An electric motor turns a flywheel through a drive belt that joins a pulley on the motor and a pulley that is rigidly attached to the flywheel as shown in figure. The flywheel is a solid disc with a mass of $80\cdot 0Kg$ and a radius $R=0\cdot 50m$. It turns on a frictionless axle.
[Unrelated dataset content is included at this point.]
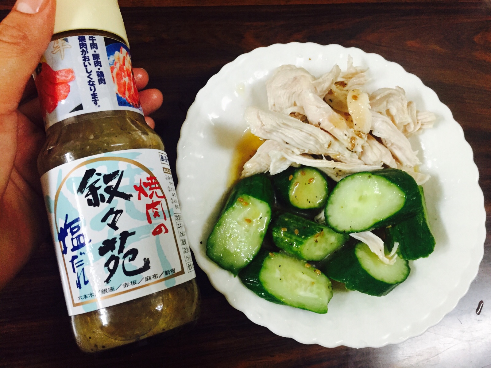今日は鶏モモ肉が100g 58円で激安だったのでそれをさっとゆがいて叙々苑の塩ダレをかけます。

Its pulley has much smaller mass and a radius of $r=0\cdot 20m$ . The tension $T_u$ in the upper (taut) segment of the belt is $400N$, and the flywheel has a clockwise angular acceleration of $2\cdot 0rad/s^2$. The tension in the lower (slack) segment of the belt will be

• A. $75N$
• B. $90N$
• C. $300N$
• D. $180N$

Answer 1

The correct option is C $300N$

Step 1:Find the torque about the center of the fly wheel.
Given:
Mass of solid disc$\left(M\right)=80kg$
Radius of disc$\left(R\right)=0\cdot 50m$
Radius of pulley$\left(r\right)=0\cdot 20m$
Tension in the upper segment of belt$\left(T_u\right)=400N$
Angular acceleration$\left(\alpha \right)=2rad/s^2$
As per the diagram, flywheel is a solid disc of mass $M$ and radius $R$ with axis through its center.
As we know,Moment of inertia of the disc $I=\frac{\left(M{R}^2\right)}{2}$Hence, by applying torque equation about center of the flywheel we get,
$\Sigma \tau =I\alpha =T_{u}r-T_{b}r$
$\Sigma \tau =\frac{1}{2}M{R}^2\alpha$
Step 2:Find the tension in the lower segment $\left(T_b\right)$ of the fly wheel.
As we know,
$\Rightarrow T_b=T_u-\frac{\left(M{R}^2\alpha \right)}{2r}$
Therefore, by putting the values we get,
$T_b=400N-\frac{\left(80.0kg\right)(0.50m{)}^2\frac{2.0rad}{s^2}}{2\left(0.20m\right)}$
$T_b=300N$

Final Answer: $a$